#### INFORMATION GIVEN
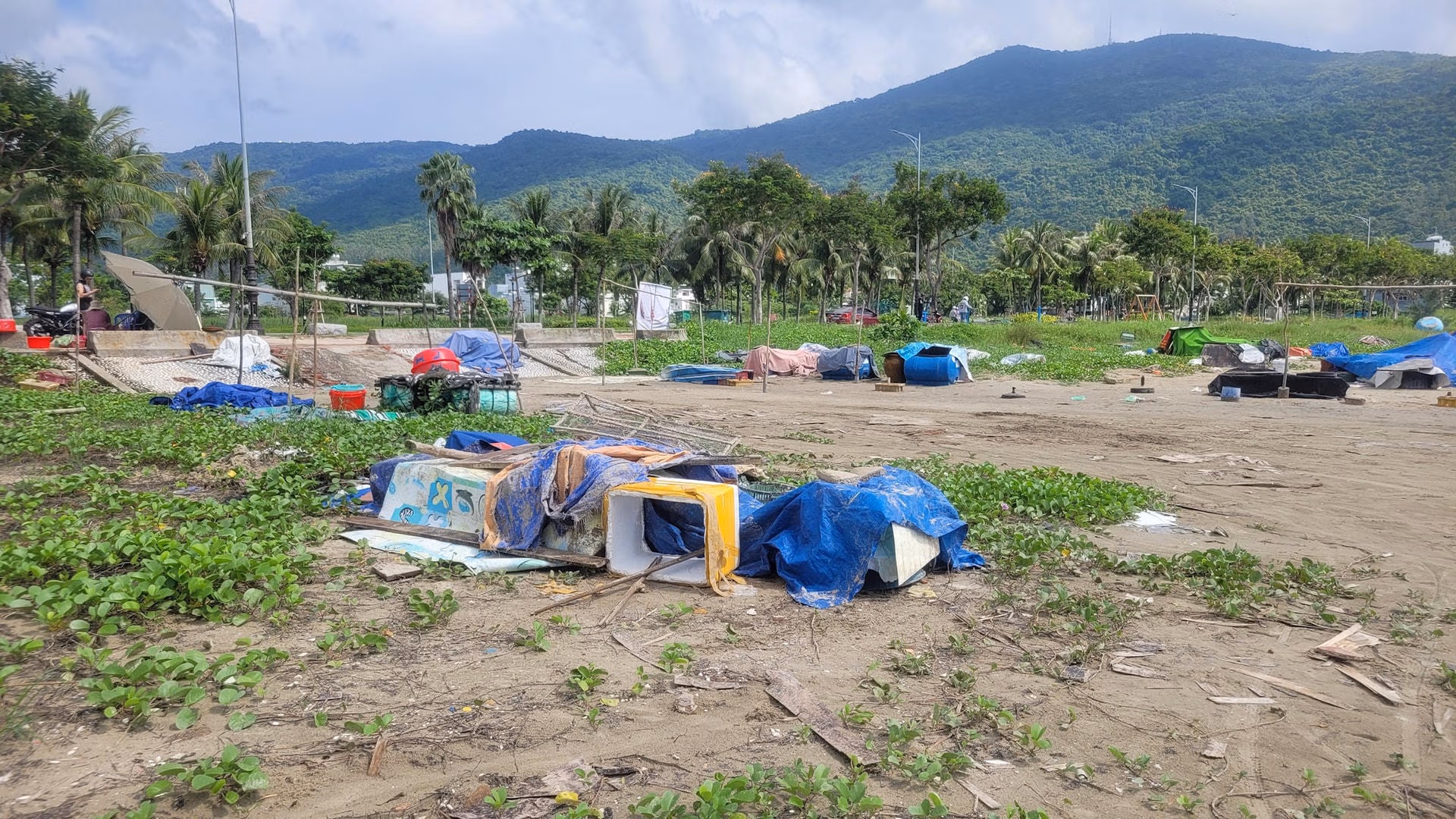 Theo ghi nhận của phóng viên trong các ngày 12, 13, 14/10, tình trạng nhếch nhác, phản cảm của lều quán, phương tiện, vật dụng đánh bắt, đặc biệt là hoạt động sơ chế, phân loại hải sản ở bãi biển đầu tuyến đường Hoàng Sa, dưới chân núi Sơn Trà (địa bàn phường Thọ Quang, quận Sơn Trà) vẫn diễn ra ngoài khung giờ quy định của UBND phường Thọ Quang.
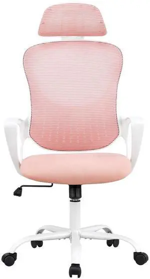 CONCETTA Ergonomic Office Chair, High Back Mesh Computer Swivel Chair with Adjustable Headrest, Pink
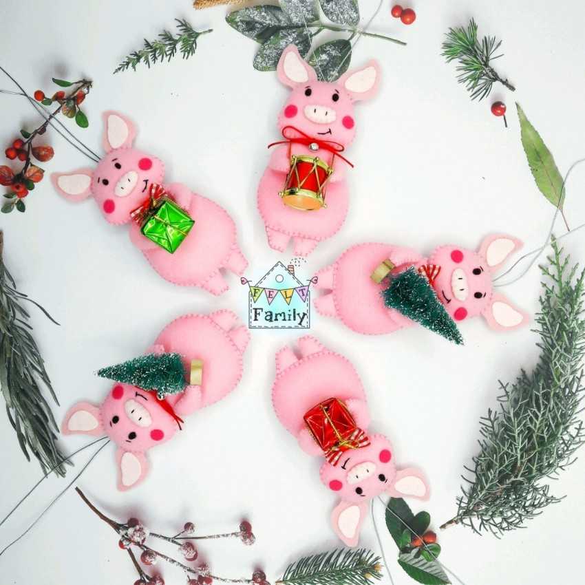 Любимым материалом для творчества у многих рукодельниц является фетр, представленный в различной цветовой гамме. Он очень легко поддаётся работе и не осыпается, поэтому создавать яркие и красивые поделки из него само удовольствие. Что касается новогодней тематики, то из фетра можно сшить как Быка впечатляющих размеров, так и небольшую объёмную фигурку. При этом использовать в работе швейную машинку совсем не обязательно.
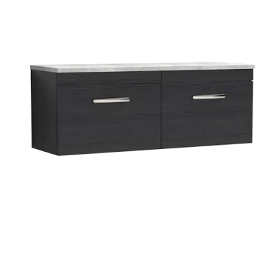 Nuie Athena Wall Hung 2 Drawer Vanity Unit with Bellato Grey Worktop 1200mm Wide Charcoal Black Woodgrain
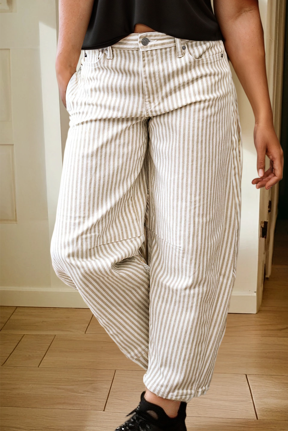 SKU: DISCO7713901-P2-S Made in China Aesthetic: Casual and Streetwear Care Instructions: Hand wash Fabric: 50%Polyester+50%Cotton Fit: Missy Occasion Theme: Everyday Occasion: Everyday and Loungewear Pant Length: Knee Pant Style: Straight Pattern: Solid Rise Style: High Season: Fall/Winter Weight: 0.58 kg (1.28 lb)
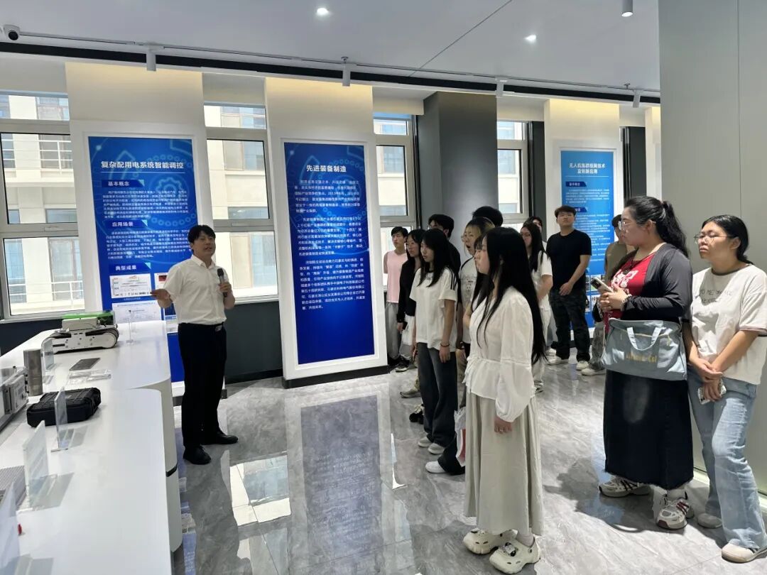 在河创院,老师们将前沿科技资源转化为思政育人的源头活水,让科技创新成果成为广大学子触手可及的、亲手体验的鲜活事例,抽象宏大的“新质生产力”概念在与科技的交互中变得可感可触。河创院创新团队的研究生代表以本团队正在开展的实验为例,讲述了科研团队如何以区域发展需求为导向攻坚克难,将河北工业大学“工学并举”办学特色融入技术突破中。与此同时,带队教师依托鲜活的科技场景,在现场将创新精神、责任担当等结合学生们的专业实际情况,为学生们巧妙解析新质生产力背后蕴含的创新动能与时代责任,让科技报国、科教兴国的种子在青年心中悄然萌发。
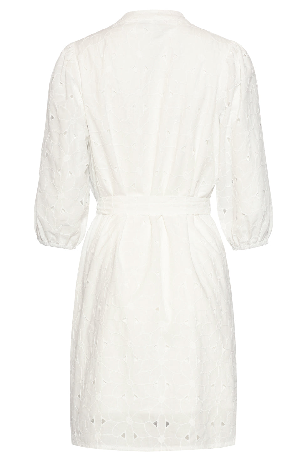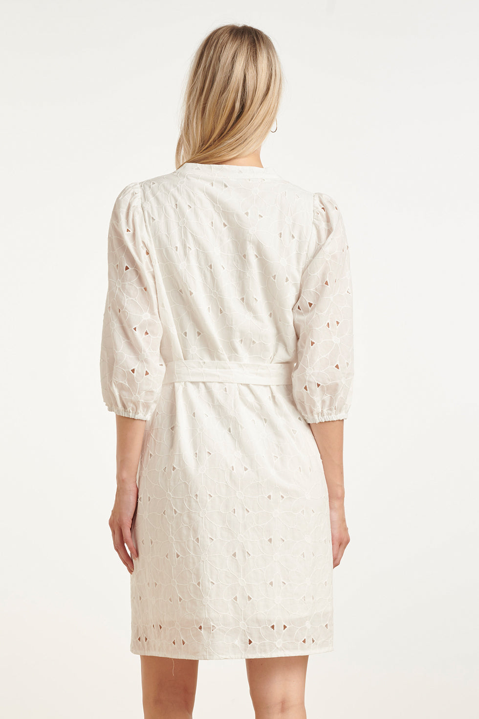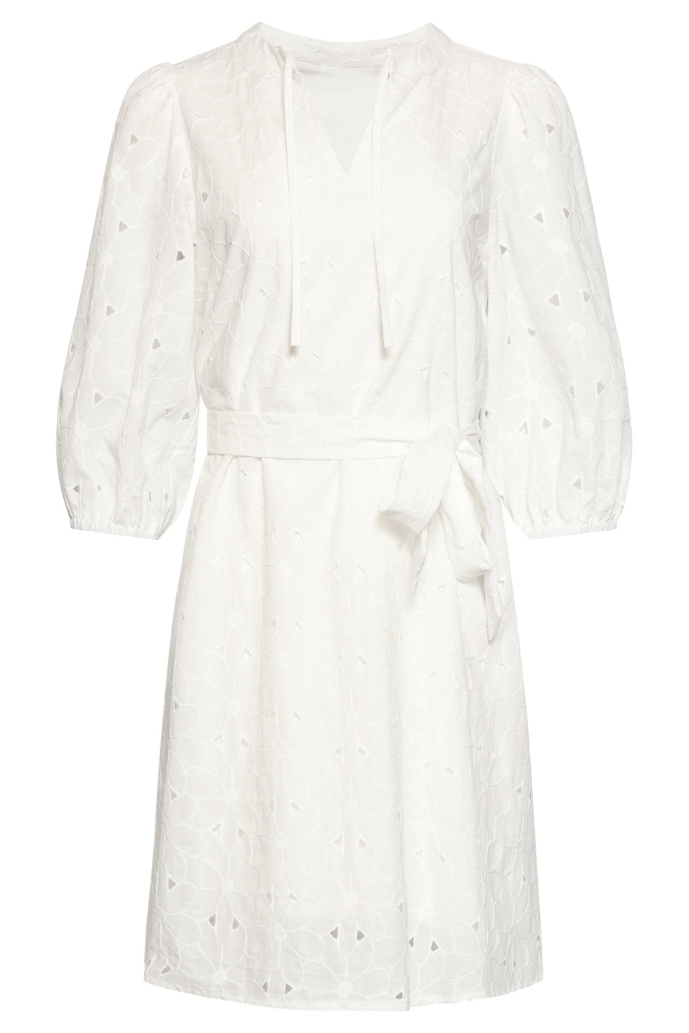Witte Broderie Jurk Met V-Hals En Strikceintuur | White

#### ASSIGNMENT
Once the line containing "Nuie Athena Wall" is found, transcribe it and every line after it to the end of the records, exactly and with no pictures.

#### SOLUTION TO THE EXERCISE
 Nuie Athena Wall Hung 2 Drawer Vanity Unit with Bellato Grey Worktop 1200mm Wide Charcoal Black Woodgrain
 SKU: DISCO7713901-P2-S Made in China Aesthetic: Casual and Streetwear Care Instructions: Hand wash Fabric: 50%Polyester+50%Cotton Fit: Missy Occasion Theme: Everyday Occasion: Everyday and Loungewear Pant Length: Knee Pant Style: Straight Pattern: Solid Rise Style: High Season: Fall/Winter Weight: 0.58 kg (1.28 lb)
 在河创院,老师们将前沿科技资源转化为思政育人的源头活水,让科技创新成果成为广大学子触手可及的、亲手体验的鲜活事例,抽象宏大的“新质生产力”概念在与科技的交互中变得可感可触。河创院创新团队的研究生代表以本团队正在开展的实验为例,讲述了科研团队如何以区域发展需求为导向攻坚克难,将河北工业大学“工学并举”办学特色融入技术突破中。与此同时,带队教师依托鲜活的科技场景,在现场将创新精神、责任担当等结合学生们的专业实际情况,为学生们巧妙解析新质生产力背后蕴含的创新动能与时代责任,让科技报国、科教兴国的种子在青年心中悄然萌发。
Witte Broderie Jurk Met V-Hals En Strikceintuur | White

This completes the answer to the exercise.